Friday, 31 August 1990 Washington, DC
1. FRED BERNTHAL BECOMES ACTING DIRECTOR OF NSF.
An unrepentant
Erich Bloch spent his last day as Director of NSF on Wednesday.
Bernthal, who was named Deputy Director in January, will replace
him until a new Director can be confirmed. Even if a permanent
Director is nominated today, as rumored
(WN 17 Aug 90), it could
be weeks before the confirmation process is completed. Congress
will have its hands full when it comes back, dealing with the
Mid-East crisis and trying to decide what ruse it will use to
duck Gramm-Rudman. If Congress fails to duck by 1 Oct, Bernthal
may be taking an unplanned furlough in FY 91, along with other
government employees. Bernthal is a physical chemist with a PhD
from Berkeley, who taught chemistry and physics at Michigan State
before coming to Washington in 1975 as a Congressional Fellow for
the American Physical Society. He rose to chief legislative aide
to Sen. Howard Baker (R-TN). In 1983 President Reagan named him
to the Nuclear Regulatory Commission and to Assistant Secretary
of State for Environmental and Scientific Affairs in 1988.
2. BETWEEN OIL GLUTS WE START THINKING ABOUT FUSION AGAIN. The
Fusion Policy Advisory Committee, headed by the Nation's all-
purpose advisory committee chairman, Guy Stever, met this week to
put together a plan for fusion research. If Secretary of Energy
Watkins was hoping the panel would choose between approaches, he
will be disappointed--they call for everything. The report will
recommend a stronger US effort in both magnetic and inertial
confinement, with increased international collaboration. In
magnetic fusion, that means both the International Experimental
Thermonuclear Reactor (ITER) and the Compact Ignition Tokamak
(CIT). The goal is a commercial fusion power plant by 2040.

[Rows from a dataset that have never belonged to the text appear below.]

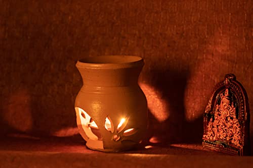 Karru Krafft Handcrafted Terracotta Oil Diffuser/ Kapoor Burner/ Holder and Durga Idol Set for Home Fragrance Pooja Decor Diwali Decor Home Décor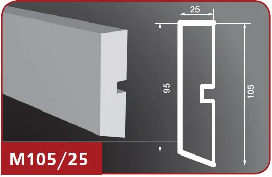 Фасадный молдинг М105/25 изготовлен из пенопласта (пенополистирол), верхний слой которого представляет собой эластичное покрытие на основе акриловых полимеров, а армирующее покрытие выполнено из кварцевого песка. Это изделие предназначено для покраски и идеально подходит для отделки наружных поверхностей. Особенности изделий из пенопласта включают в себя высокую прочность, влагостойкость, легкий вес и возможность монтажа на обычную штукатурку, на утепленные (в том числе вентилируемые) фасады. Пенопластовые молдинги легко обрабатывать и хорошо переносят различные температурные воздействия, что делает их долговечными и очень надежными.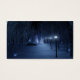 Un sentier enneigé serpentant à travers la forêt de bouleaux, lors d'une nuit d'hiver sombre. Le chemin est bordé de lampadaires qui dégagent une lueur bleu argenté, mais dans les ombres sont lumineuses, des formes fascinantes comme de petites lumières féeriques, attirant le voyageur hors du sentier. Au loin, la lueur de lavande d'un mystérieux rassemblement de forêt illumine le ciel froid.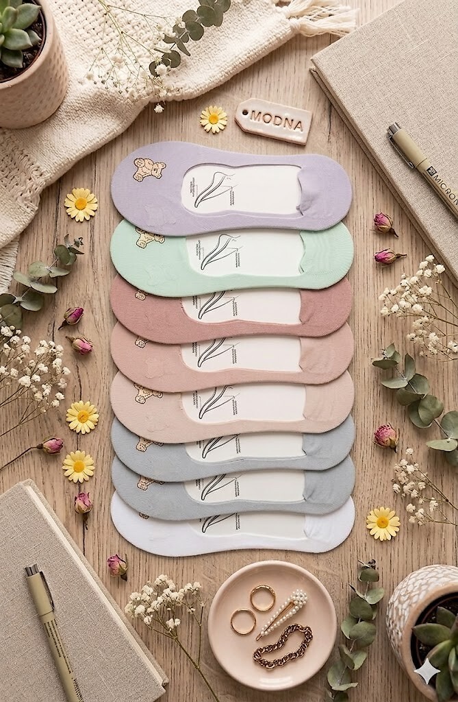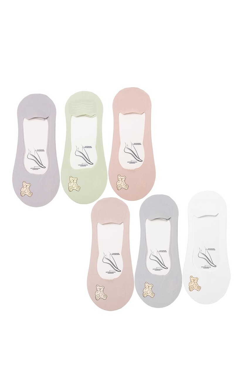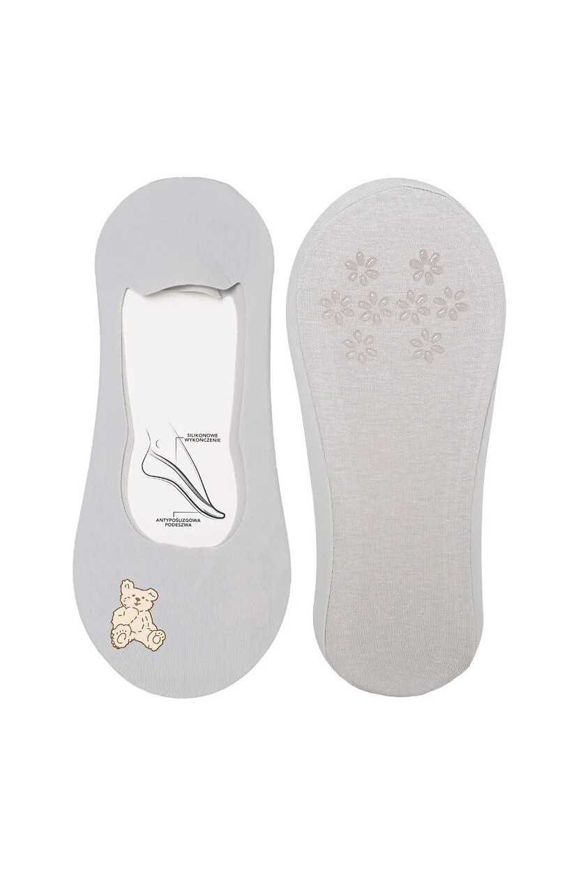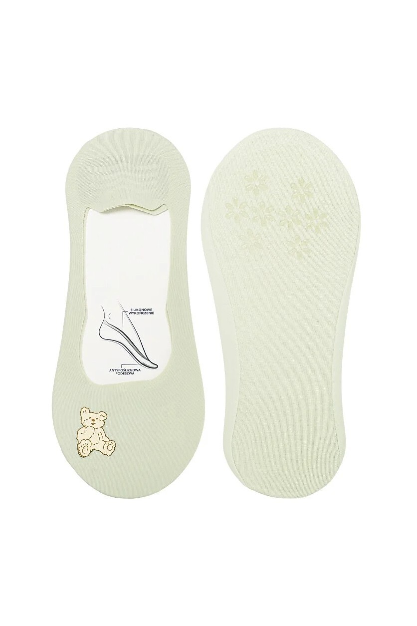 Dámské baleríny - tenký, průhledný materiál - zdobené barevným potiskem medvídka - plochá, nepostřehnutelná laserová úprava - silikon na patě proti uklouznutí - chodidlo z hladké bavlny s ABS - dostupné barvy, vybrané náhodně: bílá, olivová, šedá, vřesová, béžová, pudrově růžová Složení: svršek 79% polyamid, 21% elastan; podešev 95% bavlna, 5% elastan

3. IS MAGNETIC FUSION ON THE THRESHOLD OF BREAK-EVEN? The Wall
Street Journal, which seems to have trouble with fusion, hot or
cold, says "break even" may be announced before the international
fusion conference in Washington in late October. In fact, TFTR
(the Tokamak Fusion Test Reactor at Princeton) is approaching
"equivalent" break even, which means reaching conditions in a
deuterium plasma that would be expected to give break-even in a
deuterium-tritium mixture--if their extrapolation is correct. The
energy difference is about 300, which is a lot of extrapolation.
The recently-passed Senate Energy Appropriations Bill ordered the
Princeton Plasma Physics Laboratory to conduct the D-T experiment
at once, but the lab says they won't be ready before July 1993.
Besides, once they do it, TFTR is finished. In any case, break-
even is a long way from ignition; for that they need the CIT.
4. MEANWHILE A NEW NRC REPORT CALLS FOR CUTS IN MAGNETIC FUSION!
Confused? So too is the National Research Council, which only a
year ago was calling for a whopping increase in magnetic fusion
research. But the title of this study is "Confronting Climate
Change" and, as always, the money has to come from somewhere.